第四章:送她回教坊司

作品:《娇娇太妩媚,禁欲权臣不禁撩

    领命的斩云有些郁闷。


    “主子怎么穿起裤子就不认人,这么无情?教坊司……那是女孩子家家能待的地方吗?”


    向裴铮复命时,斩云看着主子无动于衷地坐于书案后处理政务,忍不住提了一嘴:“主子,您这样把姜小姐送回教坊司,恐怕不太好吧?”


    裴铮终于将目光从手中书册上抬起,面无表情地看向他。


    只一个眼神就令斩云心里咯噔一下。


    主子的事,他怎么竟然胆敢插手?!


    都怪姜小姐看起来太可怜了……


    但是话又说回来,他都觉得可怜,主子竟然一点儿恻隐之心都没有吗?


    反正说都说了,斩云又忍不住多嘴一句。


    “主子,你会后悔的!”


    “自己去领二十军棍。”裴铮冷声下了命令,便重新低下头处理政务,再未抬眼,更不可能将他说的任何话听进心里。


    二十军棍,即便是斩云也有点儿吃不消,主子下手可真狠!


    唉,毕竟是连自己的女人都能扔回教坊司的人。


    他不敢再多嘴了,只好乖乖领命,哭丧着脸去领军棍了。


    书房重归寂静,男人手执毛笔,最后一个笔画写得有些扭曲。

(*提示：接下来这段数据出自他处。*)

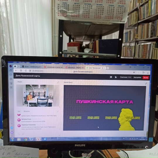 К онлайн-трансляции присоединилась заведующая отделом обслуживания Центральной библиотеки Марина Девицкая. Она внимательно изучила представленную информацию, чтобы понять, как максимально эффективно использовать возможности «Пушкинской карты» в 2026 году. Особое внимание было уделено новым возможностям и рекомендациям по планированию культурного досуга с помощью карты.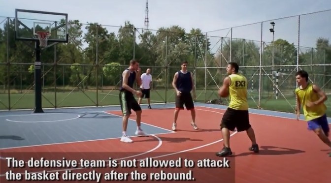 The defensive team is not allowed to attack the basket directly after the rebound. Even in the case of an air ball by the offensive team, the defensive team must clear the ball behind the 3 point line.

忽然,他将笔扔下,站起身负手走入内室,唤:“斩风,我要沐浴。”


    斩风即刻出现在他面前。


    “是。”


    斩风抬脚刚要走。


    “要冷水。”


    斩风的脚步僵硬住,三月的天,尤其是夜晚,根本不热……


    然而他转过头,主子的身影早已经消失了。


    斩风只好怀着疑惑与不解去为主子准备凉水了。


    内室,四下无人,裴铮终于忍不住捂唇吐了一口血。他缓缓张开手掌,看着掌心乌黑的血轻轻蹙眉。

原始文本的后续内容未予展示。